[Ocfs2-users] Error message whil booting system

Raheel Akhtar rakhtar at ryerson.ca
Wed Jul 29 11:12:16 PDT 2009


Thanks, One of node (alf3) rebooted and here is log message from another
node alf1 about some error about node3. 
Why node3 rebooted?


-------------------------------
Jul 29 10:15:57 alf1 kernel: o2net: connection to node alf3 (num 3) at
172.25.29.13:7777 has been idle for 30.0 seconds, shutting it down.

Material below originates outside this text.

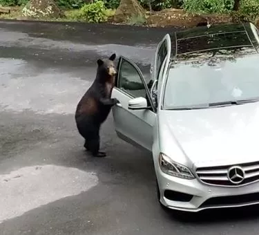One curious bear was attempting to search a car in hopes of some food giving the car owners quite a shock. Luckily one of them took initiative and screamed like a banshee to repel the creature.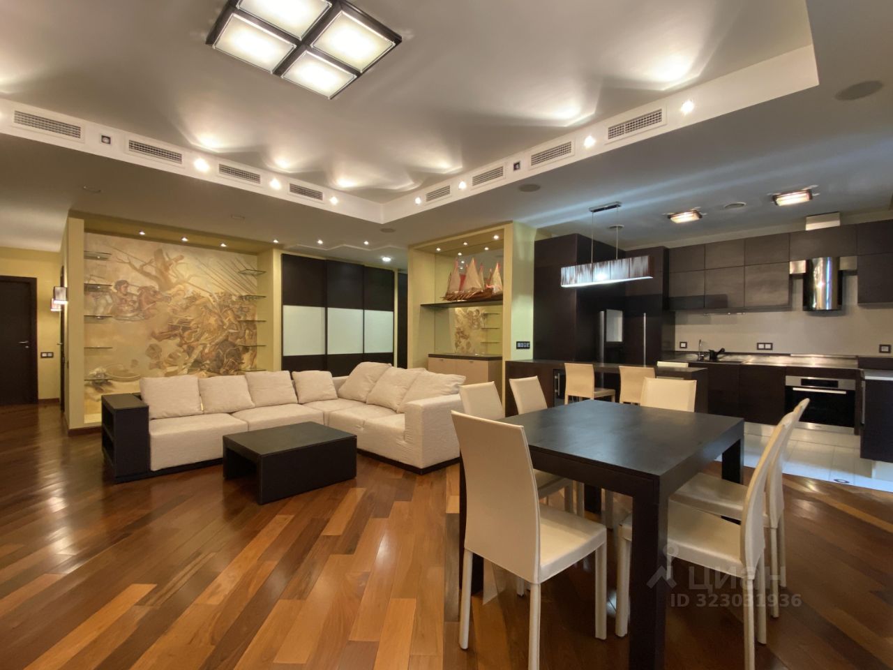 В квартире три изолированные спальни и гостиная, совмещенная с кухней. Отдельная гардеробная комната. Два санузла со стиральной и сушильной машинами Miele. Большая лоджия с панорамным остеклением.

Jul 29 10:15:57 alf1 kernel: (0,1):o2net_idle_timer:1506 here are some times
that might help debug the situation: (tmr 1248876927.861591 now
1248876957.858464 dr 1248876927.861556 adv
1248876927.861622:1248876927.861623 func (0ffa2aed:506)
1248876927.861592:1248876927.861604)

Jul 29 10:15:57 alf1 kernel: o2net: no longer connected to node alf3 (num 3)
at 172.25.29.13:7777 Jul 29 10:16:27 alf1 kernel:
(2600,1):o2net_connect_expired:1667 ERROR: no connection established with
node 3 after 30.0 seconds, giving up and returning errors.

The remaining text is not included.